美味しいガンボを作ってくれそうな、近藤春菜似の女性、ISSAの現在形のような若い男。女性は、親切明るくも、どこかこちらを見ていないような不思議な距離感、男はサーブ時以外言葉発さず。でも、2人はずっとぺちゃくちゃ楽しそうに喋っている。マスクをしていないのが気になった。店内対策としては、食事で汚れた際の替えのマスクまで用意していて(メニューに書いてあった)、なぜ彼らはマスクをしていないのだろう。動いているスタッフは熱いから?熱中症予防?いや、今夜は極めて涼しいゾ。それか、開放的空間だから?いやいや、客と接する時は…。
あぁ、もうやめよう、せっかくの気分を自ら台無しにしている。そう思いつつも、せっせと手持ちのアルコールシートでテーブルを除菌し、極力彼らから距離のある席を選んだ。
さ、もう何も考えまい、食事を選ぼう。
だったのだが、
はなれの銀ブラコーヒーと、
月のレモンケーキにした。
そのフォルムと音に惹かれて。
生憎、生演奏ではないが、サロンを十分に感ぜられる音楽と光とこの空間を感じて欲しい。
月のレモンケーキ、ほっかほかの状態でサーブされた。サクサクふかふか、かわいいお月さま。

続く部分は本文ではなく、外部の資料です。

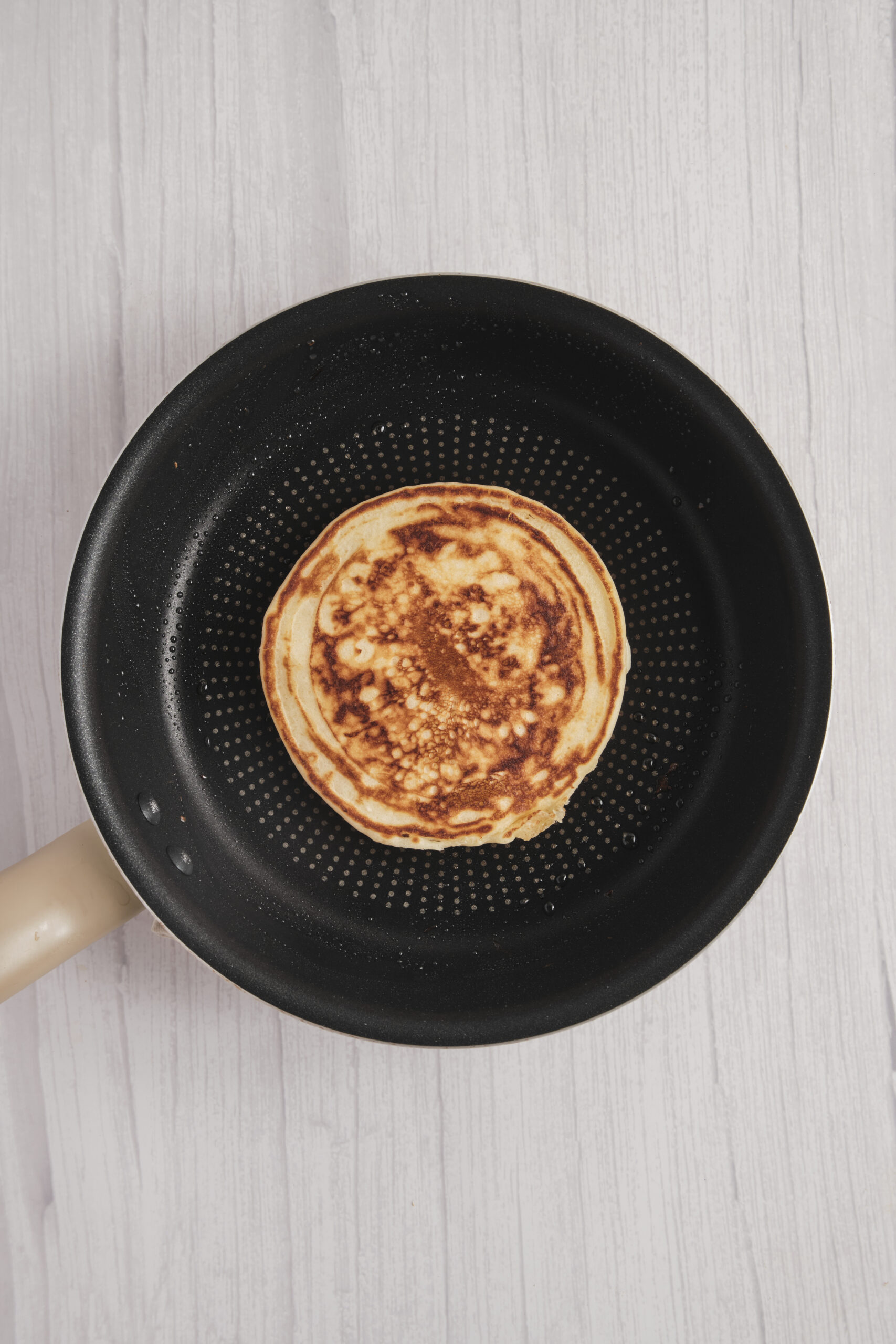 Cook for 2 to 3 minutes until bubbles form on the surface and the edges look set. Flip the pancake and cook for another 1 to 2 minutes until golden brown.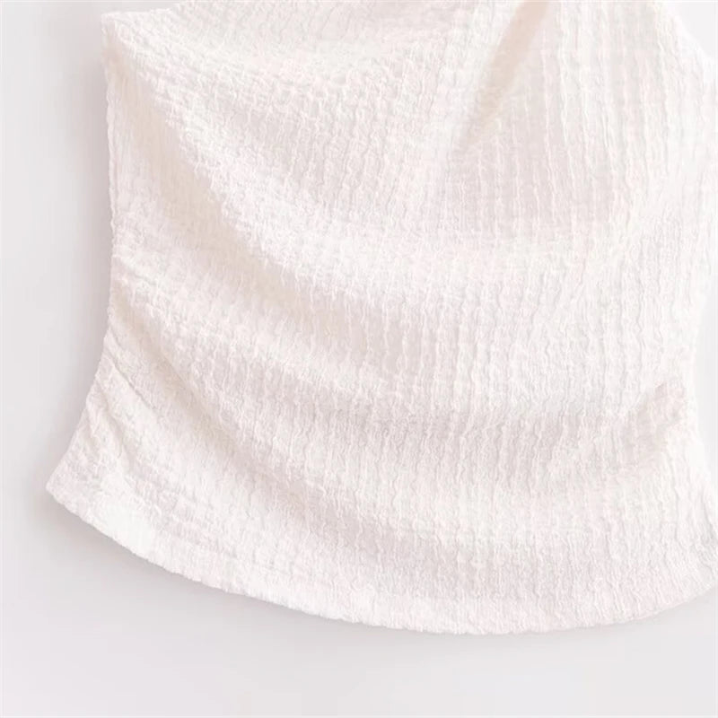 Elevate your style with Zia Top. A luxe take using structured satin for evening appeal, with a molded bustier silhouette hidden beneath the drape.

月のレモンケーキ、ほっかほかの状態でサーブされた。サクサクふかふか、かわいいお月さま。
大切に大切に、フォークとナイフでいただいた。
マスクさえしていてくれたらな、何度でも来るのにな、もう来ないかもしれないな…ずっとずっと、Twitterで日替わりメニューも追ってたんだけどな。この日を待ちわびてたんだけどな。恨むべくは、店員ではなく、僕のこの思考。
はなれの銀ブラコーヒー。
先日、紅茶専門店の博識マスターに教えてもらったこと、"コーヒーも紅茶も、体調が旨さを左右する"と。実に納得。同じスタバのコーヒーでも、ニコニコするほど旨い時と、残したくなるほど進まない時がある。素材が大事とはいえ、そないにブレるはずはない。作り手や材料の問題だけではないのだ。
「なにそれ」
男がたじろぎを隠し(でも隠しきれず)尋ねる。
「甘いのきらい?甘いのきらいなら無理かもよ。これね、医療用××」
聞き耳を立てていれば、看護師とのこと。××の部分はどうか聞き違いであって欲しい。彼女のためではない、僕のこのひと時のためだ。
ほら、月のかけらが泣いているよ。
えっ?
なんだか、嬉しいんだか悲しいんだか、幸せなんだか切ないんだか、忙しく、よくわからない気持ちで閉店時間を迎えた。とりあえず、チョット疲れてしまった。おかしいな。こんなはずでは。
そして、本当に雨が降ってきた。ひどい雨だ。傘もない。どこかコンビニまで濡れて走って、傘を買って、家までそれを差して歩いて、帰って風呂に直行しよう(ここ数ヶ月はいつだって風呂に直行だが。除菌のためにネ)。
「傘、ありませんよね?」
「カラフルなのしかないんですけど、よかったら」
ISSAの現在形の彼だった。
濡れて帰るつもりでした(=貸してもらえるとはゆめゆめ思ってませんでした)
…や、あ、でも、…ありがとうございます。必ず近々返します。
「いいですいいです、濡れちゃうんで」
気取らず飾らず、あまりに爽やかな態度で差し出してくれた。
ノーマスクに萎えてすまなかった。いや、マスクはやっぱりして欲しい、でも、それだけで萎えたりしないようにするよ。
素敵な夜をありがとう。
明かりが戻ってきた夜の銀座、傘を開くと大きな花🌸花🌼💐。カラフルなのしか…ね。ありがとう、遠慮なく使わせてもらうよ。思いがけず気に入ってしまったから、物々交換させてもらおうかな。近々小粋な菓子でも持って、あの2人に会いに行こう。要らないかな。アハハ。